Three Iranian Christians have received long prison sentences for crimes such as 'organising and creating house churches', 'conducting evangelism', and 'Bible printing and distribution'.

Pastor Victor Bet Tamraz, Amin Afshar Naderi and Hadi Asgari were also accused of 'acting against national security' and 'insulting the sacred' (i.e. blasphemy).

Following a hearing in June, Judge Ahmadpour sentenced Pastor Victor to 10 years' imprisonment, Amin to 15 years (possibly including time already served) and Hadi to 10 years and a two-year travel ban. The judge also raised the amount of bail for Amin and Hadi to 200 million Tomans (approximately £46,000) each.

'Organising and creating house churches'

These charges have been dragging on for years. Pastor Victor and Amin were among several Christians arrested on 26 December 2014 at a Christmas celebration at Pastor Victor's home in Tehran. Pastor Victor, who is of Assyrian background, was released on bail on 1 March. Amin, a convert from Islam, was charged with 'acting against national security' and 'insulting the sacred' (blasphemy). Hadi, also a convert, was not present at the Christmas celebration but was arrested in August 2016 at a picnic in Firuzkuh and charged with 'acting against national security' and 'organising and creating house churches'.

The men were not present at court when the sentences were read out, but their lawyer was present. Their lawyer will appeal against the court's decision this week.

Wife and son also charged

The Iranian authorities have also taken action against Pastor Victor's family.

Ramiel Bet Tamraz, Pastor Victor's son, was arrested in August 2016 in Firuzkuh. He is currently awaiting a hearing on charges of 'acting against national security' and 'organising and creating house churches' as well as charges relating to his father's ministry. And Pastor Victor's wife, Shamiran Issavi, was summoned by the authorities in June 2017 to Evin Detention Centre, Branch 3 of the Revolutionary Court, where she was charged with 'participating in foreign seminars' and 'acting against Iranian national security' as a church member. She was released after one day on bail of 100 million Tomans (approximately £23,000).

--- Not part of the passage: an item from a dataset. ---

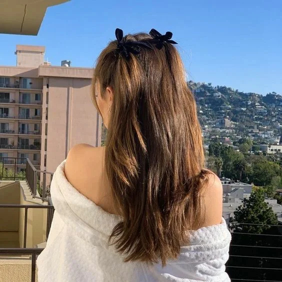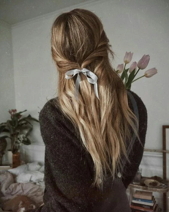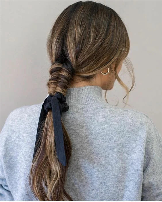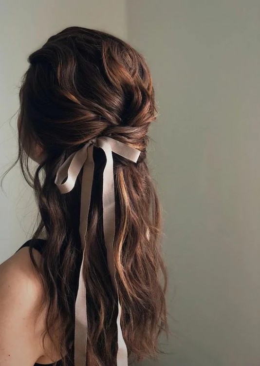 Такий лаконічний акцент зробить зачіску легкою і особливою. Образ виходить романтичним і ніжним, навіть якщо це просто хвіст – “мальвінка”. Але якщо ви хочете зачіску трішки складнішу, то попередньо зробіть легку пляжну хвилю для текстури, заколіть два пасма волосся, злегка скрутивши їх, і потім підв’яжіть хвостик легкою стрічкою в тон будь-якої частини одягу.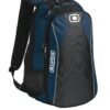 This pack protects your laptop, caters to your professional needs and delivers bold OGIO style.| 600D poly/420D dobby poly Top-entry padded laptop compartment Fleece-lined valuables and digital media pocket Deluxe organization panel Dual side beverage/accessory holsters Ergonomic adjustable shoulder straps Dimensions: 19.25’h x 13’w x 9.5’d Capacity: 1,700 cu. in./28 L Weight: 1.45 lbs./0.66kg Laptop sleeve: 15.5’h x 10.5’w x 1.5’d; fits most 15′ laptops Note: Bags not intended for use by children 12 and under. Includes a California Prop 65 and social responsibility hangtag.

Ramiel and Shamiran's hearing has not yet been scheduled. It is highly likely that their case also will be handled by Judge Ahmadpour.

Charged with drinking communion wine

These brothers and sisters are just some of the many Christians who face impriosnment and trial in Iran for simply celebrating their faith.

Yousef Nadarkhani, Mohammadreza Omidi, Yasser Mossayebzadeh and Saheb Fadaie are currently awaiting the outcome of an appeal against a sentence of 80 lashes each. They have been accused of 'acting against national security' and consumption of alcohol because they drank communion wine. Yasser, Saheb and Mohammadreza were arrested on 13th May 2016 with their pastor, Yousef, as they were celebrating communion. There have been two hearings in their case so far. They have appealed against the sentence of 80 lashes and await a final verdict.

'Scores' of Christians languishing in prison

Recently over 90 European and US faith leaders - including former Archbishop of Canterbury Rowan Williams - signed a petition urging Western governments to make the plight of religious minorities central to any deal with Iran. Stressing the 'harassment and persecution' of Iranian Christians by the 'ruling theocracy' they called on Western governments to make ending the oppression of religious minorities a precondition of any deals with Iran.

According to Middle East Concern, 'The situation of religious minorities has deteriorated in recent years, including during the tenure of President Hassan Rouhani. Scores of Iranian pastors are languishing in prisons solely for their beliefs.'

Lonely lives

Young Iranians who decide to become Christians face terrible pressure and difficulties. They cannot obtain Christian books and sometimes don't even have their own Bible. They live lonely lives, as their need for secrecy makes it almost impossible to get together with other Christians, as there's always the risk of being reported and arrested.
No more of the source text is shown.